**Exercise prompt:** Return exactly those lines of the material below that fall between the line holding "Cebolla empapelada en" and the line holding "Putin’s offer still", inclusive.

**Material to process:**
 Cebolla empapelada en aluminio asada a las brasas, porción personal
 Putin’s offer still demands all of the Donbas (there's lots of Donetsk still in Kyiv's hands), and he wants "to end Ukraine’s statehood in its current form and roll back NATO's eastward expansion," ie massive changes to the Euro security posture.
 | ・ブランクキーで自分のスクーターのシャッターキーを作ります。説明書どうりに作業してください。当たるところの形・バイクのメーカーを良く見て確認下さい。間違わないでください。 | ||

* * *

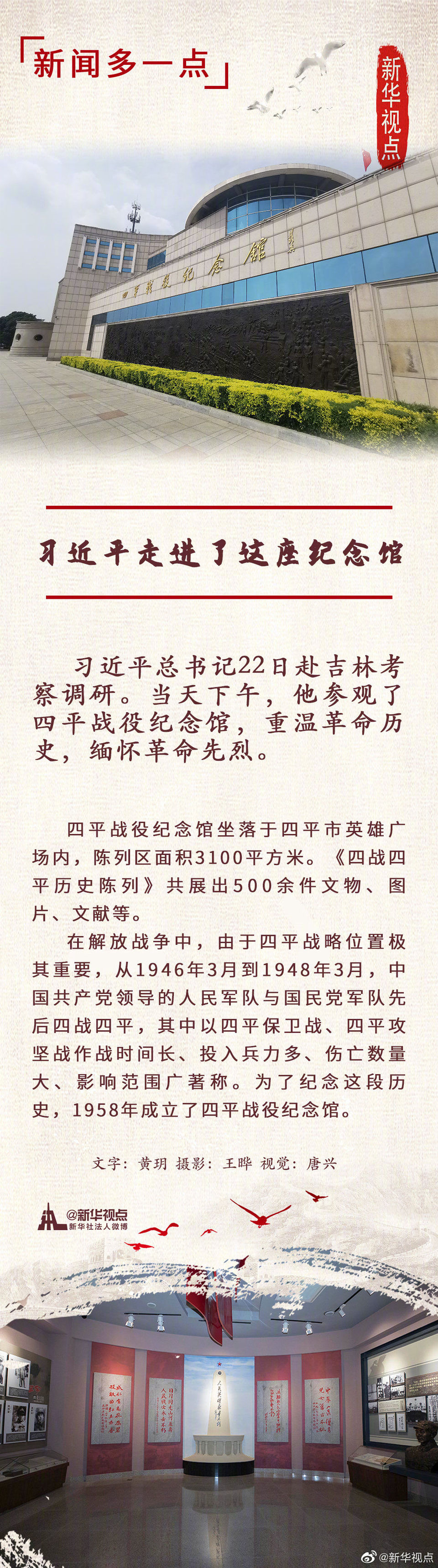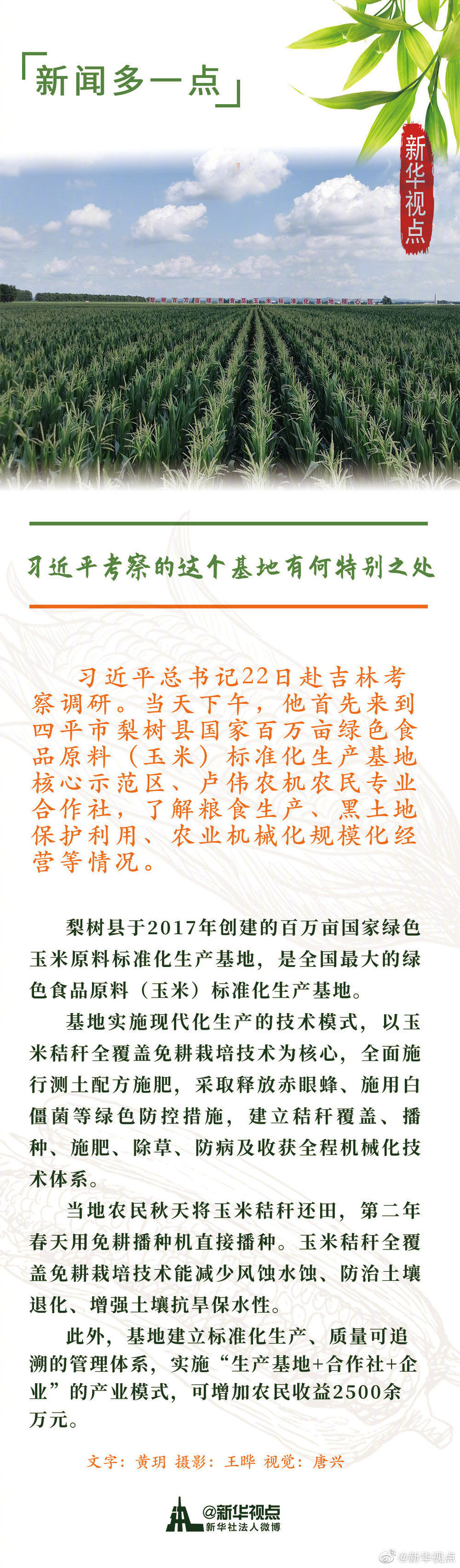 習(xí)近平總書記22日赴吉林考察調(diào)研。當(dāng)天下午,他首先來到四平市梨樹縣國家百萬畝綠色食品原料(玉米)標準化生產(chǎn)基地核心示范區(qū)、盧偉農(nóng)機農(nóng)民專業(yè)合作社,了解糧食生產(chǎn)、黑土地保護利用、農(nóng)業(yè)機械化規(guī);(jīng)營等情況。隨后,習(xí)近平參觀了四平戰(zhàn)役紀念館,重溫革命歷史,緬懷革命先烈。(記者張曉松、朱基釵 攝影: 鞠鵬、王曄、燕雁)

**Task response:**
 Cebolla empapelada en aluminio asada a las brasas, porción personal
 Putin’s offer still demands all of the Donbas (there's lots of Donetsk still in Kyiv's hands), and he wants "to end Ukraine’s statehood in its current form and roll back NATO's eastward expansion," ie massive changes to the Euro security posture.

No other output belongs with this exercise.